▸ Supplied records:
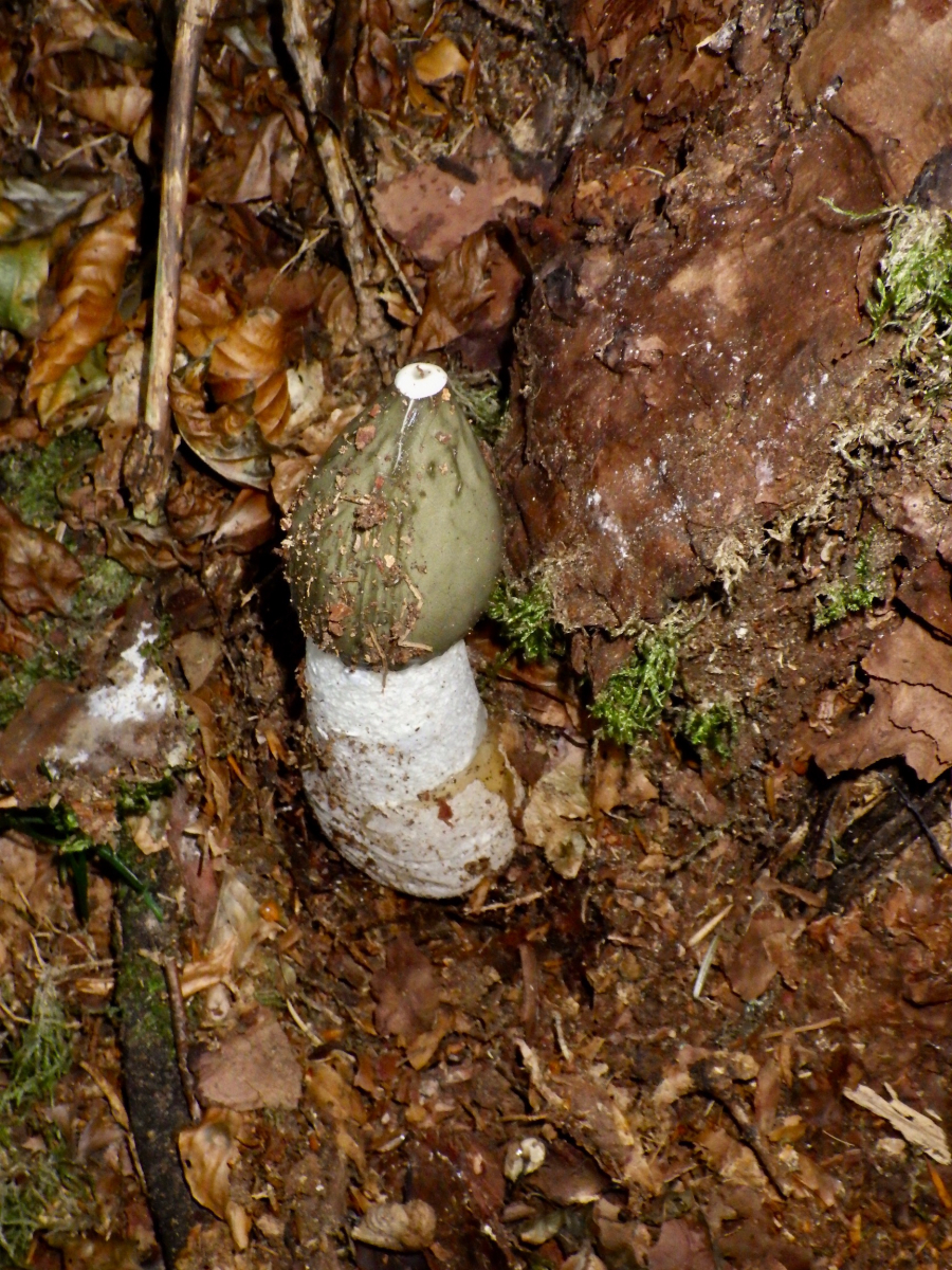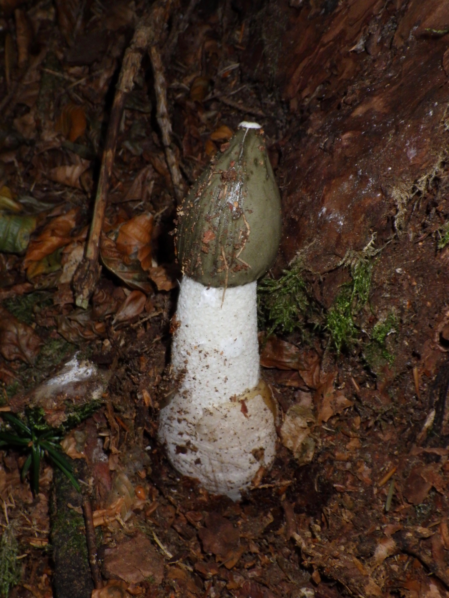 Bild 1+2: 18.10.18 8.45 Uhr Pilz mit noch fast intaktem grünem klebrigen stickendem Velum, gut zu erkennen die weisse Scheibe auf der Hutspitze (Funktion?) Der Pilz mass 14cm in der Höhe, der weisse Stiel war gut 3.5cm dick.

==

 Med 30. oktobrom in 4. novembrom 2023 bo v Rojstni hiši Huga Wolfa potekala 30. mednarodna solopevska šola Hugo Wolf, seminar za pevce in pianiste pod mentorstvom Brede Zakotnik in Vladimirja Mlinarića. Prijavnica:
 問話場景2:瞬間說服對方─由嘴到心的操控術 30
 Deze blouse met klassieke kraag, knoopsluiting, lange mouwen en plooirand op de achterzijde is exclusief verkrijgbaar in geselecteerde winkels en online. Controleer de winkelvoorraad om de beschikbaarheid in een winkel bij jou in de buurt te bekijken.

▸ Activity:
Begin with the line that has "Med 30. oktobrom" in the listing above and end after the line that has "Deze blouse met"; output those lines exactly.

▸ Answer section:
 Med 30. oktobrom in 4. novembrom 2023 bo v Rojstni hiši Huga Wolfa potekala 30. mednarodna solopevska šola Hugo Wolf, seminar za pevce in pianiste pod mentorstvom Brede Zakotnik in Vladimirja Mlinarića. Prijavnica:
 問話場景2:瞬間說服對方─由嘴到心的操控術 30
 Deze blouse met klassieke kraag, knoopsluiting, lange mouwen en plooirand op de achterzijde is exclusief verkrijgbaar in geselecteerde winkels en online. Controleer de winkelvoorraad om de beschikbaarheid in een winkel bij jou in de buurt te bekijken.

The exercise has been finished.